ギフト
数日ぶりに足を踏み入れた302号室は、主を失ってひっそりと冷え切っていた。
真白は、業者の手によって次々と段ボールに詰め込まれていく、咲子の「人生の欠片」たちを、必死に目で追った。ほんの少ししか、彼女との思い出はないはずだった。隣人になって、ほんの数ヶ月。言葉を交わしたのも数えるほどだ。なのに、どうしてこんなにも胸が締め付けられるのだろう。ここにあるすべてが、愛おしくてたまらなかった。
「……あの、これと、これも、いただいていいですか」
真白は、あの夜に咲子がチャイを淹れてくれた、ぽってりと丸い陶器のマグカップを拾い上げた。それから、咲子がいつも着ていた、太陽のように鮮やかなアジアンテイストのカラフルな服。彼女の耳元でいつも楽しげに揺れていた、エキゾチックな大ぶりのピアス。ベランダでひっそりと灯っていた、空き瓶で作られた手作りのライト――。
そして、最後に、棚の隅で埃を被りかけていた、ひび割れた木彫りのゾウをそっと両手で包み込んだ。
「え、そんなもの……本当にいるんですか?」
咲子の姪は、真白が抱え込んだモノたちを見て、隠そうともせずに呆れた目を向けた。
「それ、ただの古いガラクタですよ?……まぁ、こちらは構いませんけど」
「はい。私にとっては、大切なものなんです」
これまでの真白なら、他人にそんな「呆れた目」で見られたら、恥ずかしさで消え入りたくなっていただろう。けれど今は、一歩も引かなかった。世間が、親族がこれをゴミと呼ぼうと関係ない。これは、咲子が愛した宝物であり、自分を救ってくれた「最後のギフト」なのだ。
「ありがとうございました……」
真白は頭を下げると、宝物を落とさないようにしっかりと腕に抱え、そそくさと部屋を出て隣の我が家へと帰った。
パタン、とドアを閉める。
白とグレーしかなかった無機質な部屋の一角に、咲子の遺品をそっと並べた。
週末に買った淡いブルーのキャンドルに火を灯す。
揺れるオレンジ色の炎が、カラフルな服を、大ぶりのピアスを、空き瓶のライトを、クッションを、そして木彫りのゾウを優しく浮かび上がらせた。部屋の一角だけが、あの「世界一温かいごみ屋敷」のグラデーションに染まっていく。

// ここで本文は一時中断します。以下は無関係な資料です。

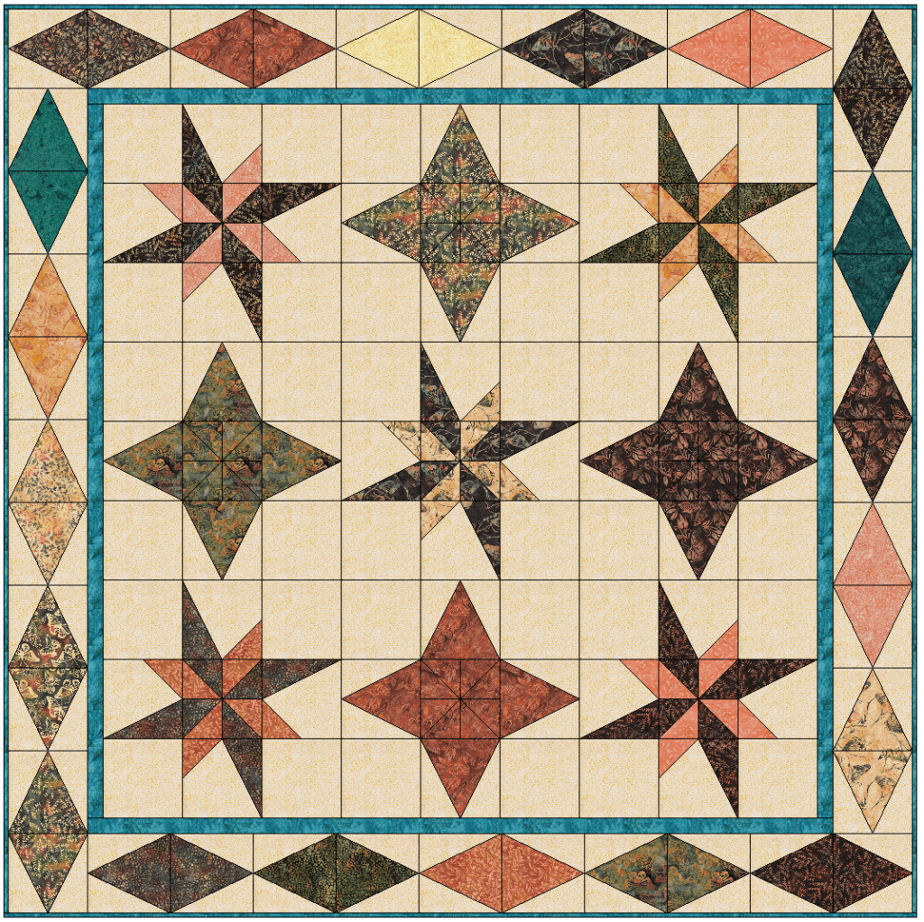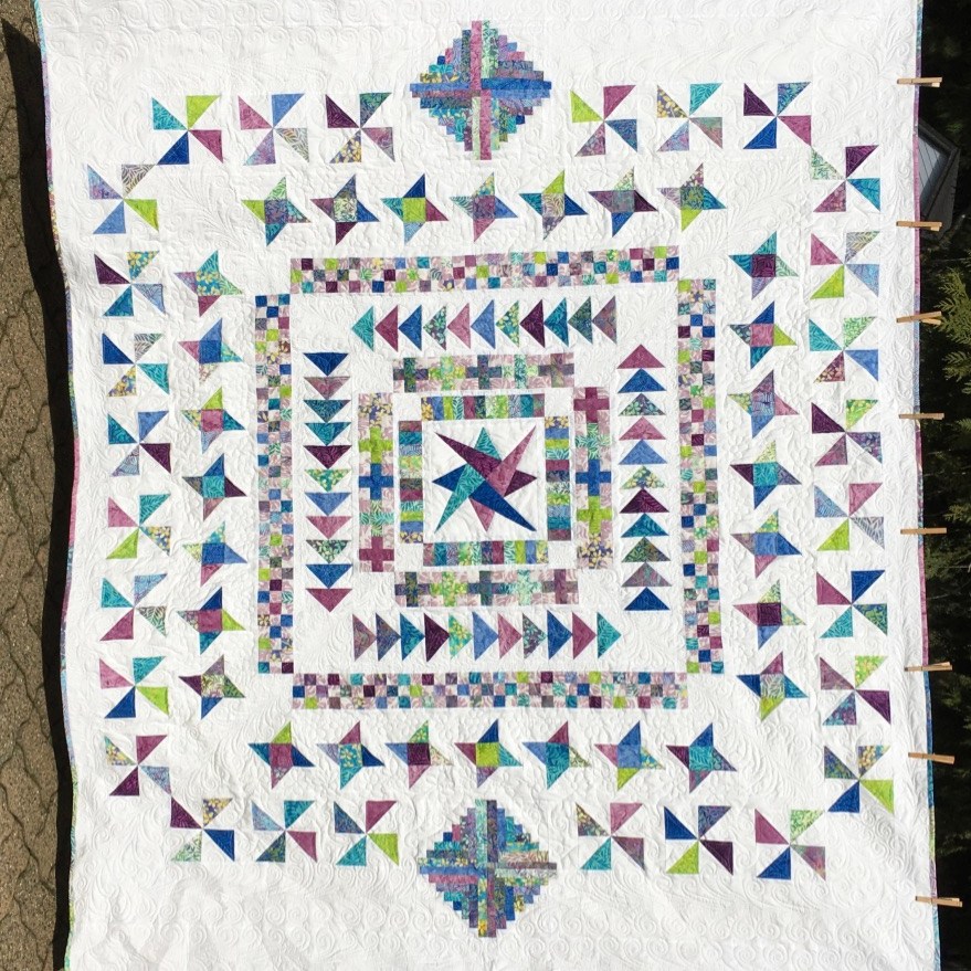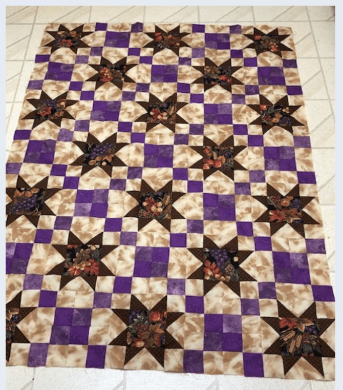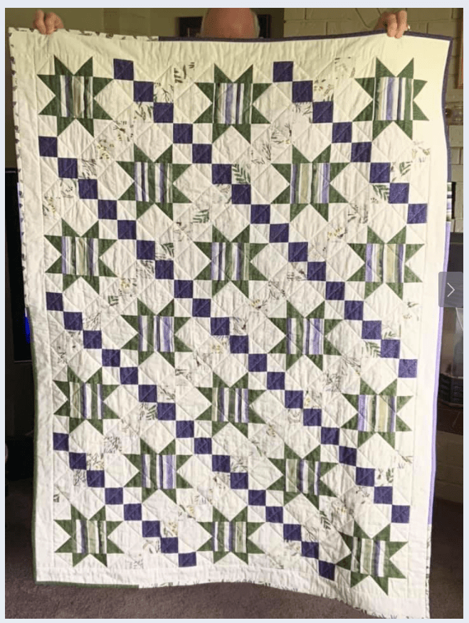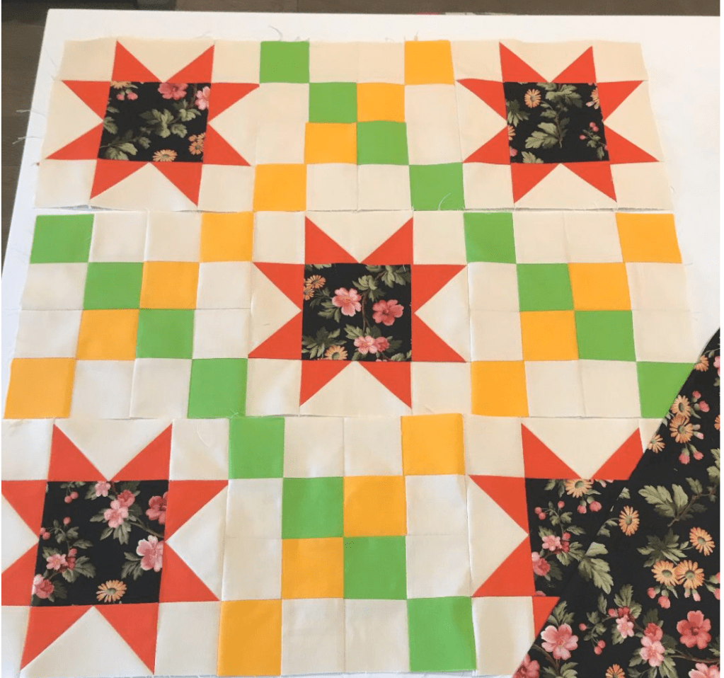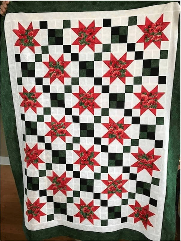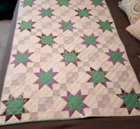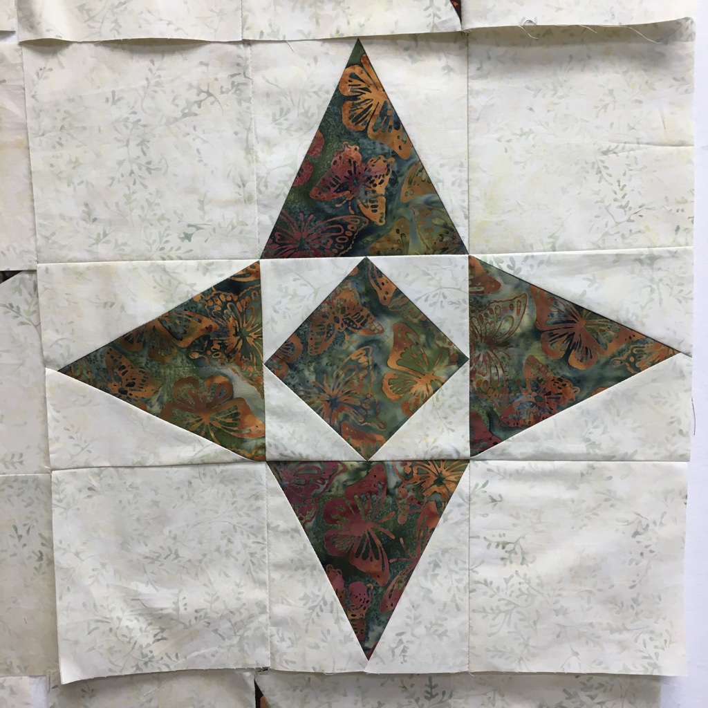 This month, I had a DrEAMi … (Drop Everything And Make it) This was a pattern from Sandra Walker (from Musings of a Menopausal Melon) and after seeing that several people made it … I just HAD to. The pattern is “Let Your Star Shine.” You can get the pattern from Sandra’s Etsy shop: HERE. It is a pretty quick quilt to make!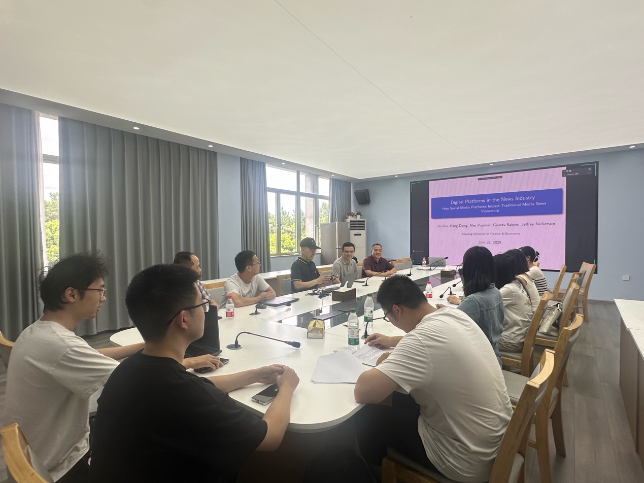 416会议室成功举办。本次讲座邀请了西班牙IE商学院助理教授董航博士,以《从社交媒体到传统媒体:股票市场中的注意力传导机制研究》为题,向在场和线上师生进行了系统分享。讲座由数智技术与管理创新研究所所长杨水清教授主持。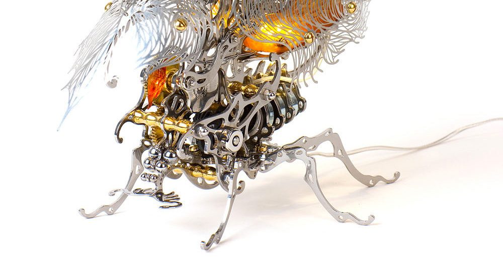 El escultor coreano U-Ram Choe construye esculturas cinéticas a las que les incrusta con CPUs, motores, y LEDs para formar figuras de aspecto orgánico y con un gran componenente artístico. En esta ocasión el artista nos presenta sus dos obras más pequeñas realizadas hasta la fecha, un par de lámparas que parecen insectos y que acertadamente las ha llamado Lámpara «Insecta» Plata y Lámpara «Insecta» Oro. Cuando se encienden, las luces revelan un conjunto ornamentado formado por cinco alas que se mueven con un aleteo suave. Te recomendamos que las veas en funcionamiento en el vídeo que aparece en este artículo.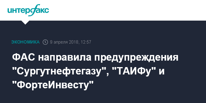ФАС направила предупреждения "Сургутнефтегазу", "ТАИФу" и "ФортеИнвесту"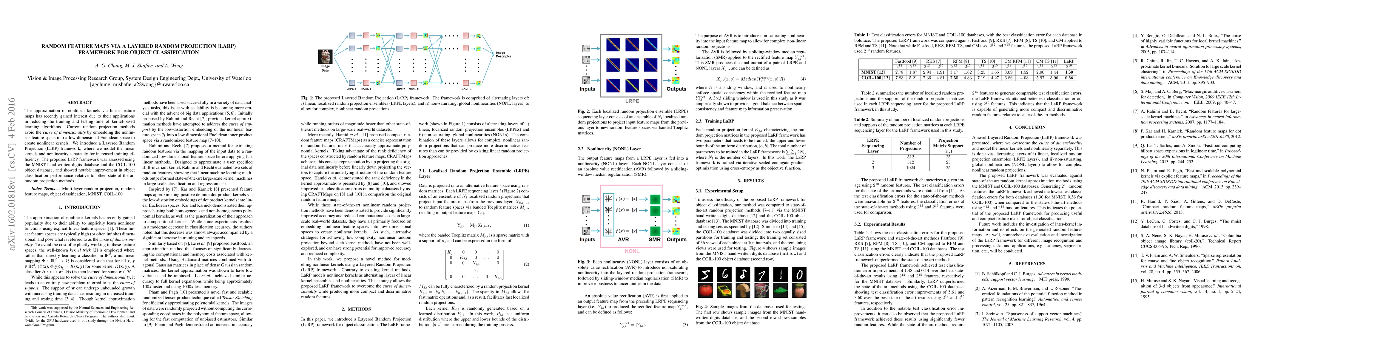 A new framework called Layered Random Projection improves object classification performance on MNIST and COIL-100 databases by separating linear and non-linear features for faster training efficiency.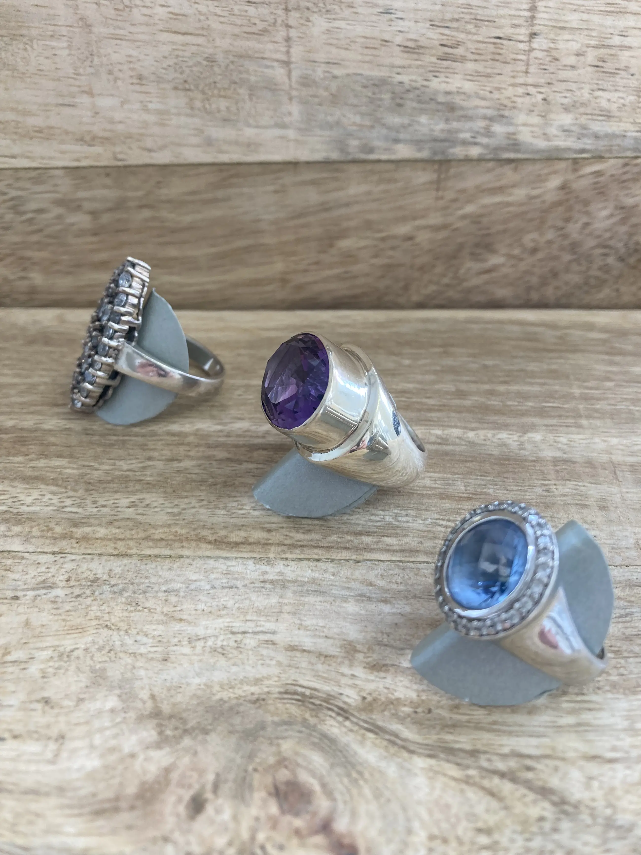Een lotje van drie zilveren ringen met kleursteen, amethist,  blauw en wit gekleurde zirkonia.

真白はキッチンに立ち、買ってきたスパイスティーを取り出した。咲子の手つきを思い出しながら、ミルクと砂糖をたっぷりと入れて、小鍋でコトコトとチャイを淹れる。
甘くスパイシーな香りが部屋を満たしていく。
咲子から譲り受けたマグカップに、温かいチャイを注いだ。
ソファーに座り、両手でマグカップを包み込む。じんわりと手のひらに伝わるぬくもり。
一口、口に含んだ瞬間。
「うっ……、あ……」
堰を切ったように、涙が溢れ出て止まらなくなった。
寂しい。こんなに寂しい。
胸の奥が引きちぎれそうなほど、痛くて、寂しい。
もっと一緒にいたかった。もっと色んな話を聞きたかった。あのごちゃごちゃした部屋で、くだらないことで笑い合って、何度も何度も、一緒にこの温かいチャイを飲みたかった。
「……っ、……っ!」
真白はマグカップをテーブルに置くと、カラフルなクッションに顔をうずめ、子供のように声を上げて泣いた。涙が、ターコイズブルーとオレンジの刺繍を濃く濡らしていく。
役割なんてなくたっていい。完璧じゃなくたっていい。
そう言ってくれた唯一の人は、もういない。
けれど、真白の部屋に灯ったこの鮮やかな色は、もう消えることはなかった。
泣いて、泣いて、涙が枯れるまで泣きながら、真白は咲子が遺してくれた温かい光を、その心に、一生消えない灯火として強く、強く、刻みつけていた。